My prediction based on years of watching the models: GPT or Grok is likely to be the top model in this first iteration of the IEB.
We plan on occasionally sharing more of the aggregate expectations from the models via our email list and on X. Subscribe for updates.
A True Measure
Elon is right. The truest measure of intelligence is the ability to predict the future.
Most AI benchmarks don’t test that. They test the ability of a model to solve a puzzle or retrieve information or some other rote task. We believe that makes most benchmarks inherently flawed because they’re solvable. Whether it’s GPT 6 or Mythos or some other model, eventually puzzles and retrieval tasks won’t measure anything because every model will be able to conquer them.
Markets are a different animal. A complex adaptive system where the answer keeps changing. The truest test of super intelligence would be when the earnings benchmark is solved because that would mean markets are solved. By the time AI solves markets, it can probably solve a lot more too.

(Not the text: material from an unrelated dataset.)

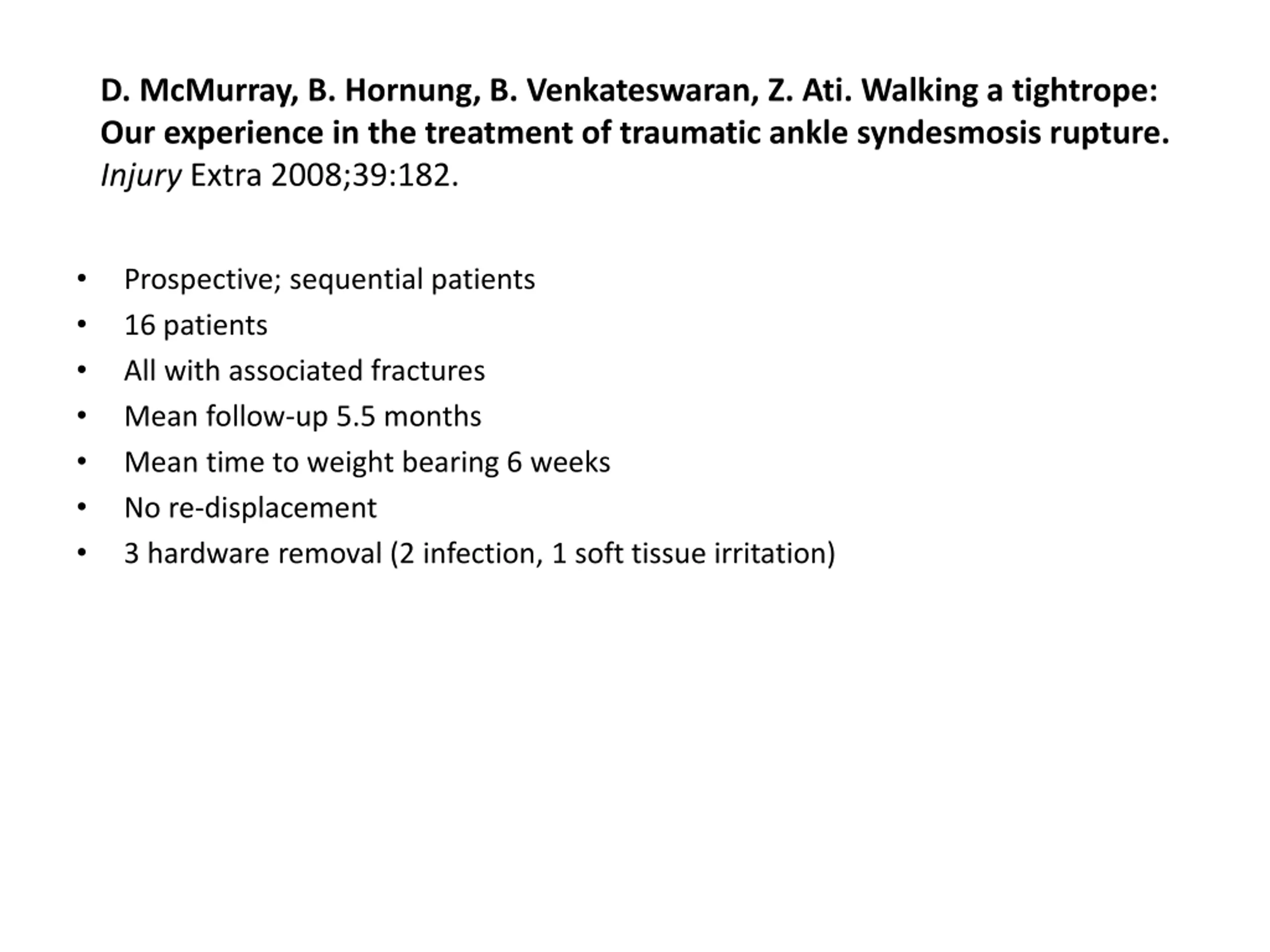 D. McMurray, B. Hornung, B. Venkateswaran, Z. Ati. Walking a tightrope: Our experience in the treatment of traumatic ankle syndesmosis rupture. Injury Extra 2008;39:182. Prospective; sequential patients 16 patients All with associated fractures Mean follow-up 5.5 months Mean time to weight bearing 6 weeks No re-displacement 3 hardware removal (2 infection, 1 soft tissue irritation)

Additionally, note our benchmark disclosures: Intelligent Alpha’s Intelligent Earnings Benchmark (IEB) is an analytical tool designed to evaluate and communicate the comparative performance of AI models on earnings prediction tasks for US listed large-cap companies defined as market capitalization over $10 billion at the time of testing. This benchmark is published for general information and educational purposes only. It does not constitute investment advice, a recommendation to buy or sell any security, or an offer or solicitation with respect to any investment product or service. The Benchmark compares AI model-generated earnings direction predictions against consensus earnings prediction changes across a defined universe of US listed large-cap companies. Results do not represent the performance of any investment portfolio, fund, or client account managed by Intelligent Alpha, and earnings prediction accuracy should not be construed as an indicator of investment returns. The effectiveness of AI models in predicting earnings is limited by access to accurate historical data, tool usage, prompt structure, consistency of harnesses used to control the environment, and other factors. Past benchmark performance is not indicative of future predictive accuracy. This benchmark and all related content do not create an investment advisory, client or fiduciary relationship. Intelligent Alpha’s advisory services are provided solely pursuant to a written investment advisory agreement. No person should rely on this benchmark as a substitute for individualized investment advice.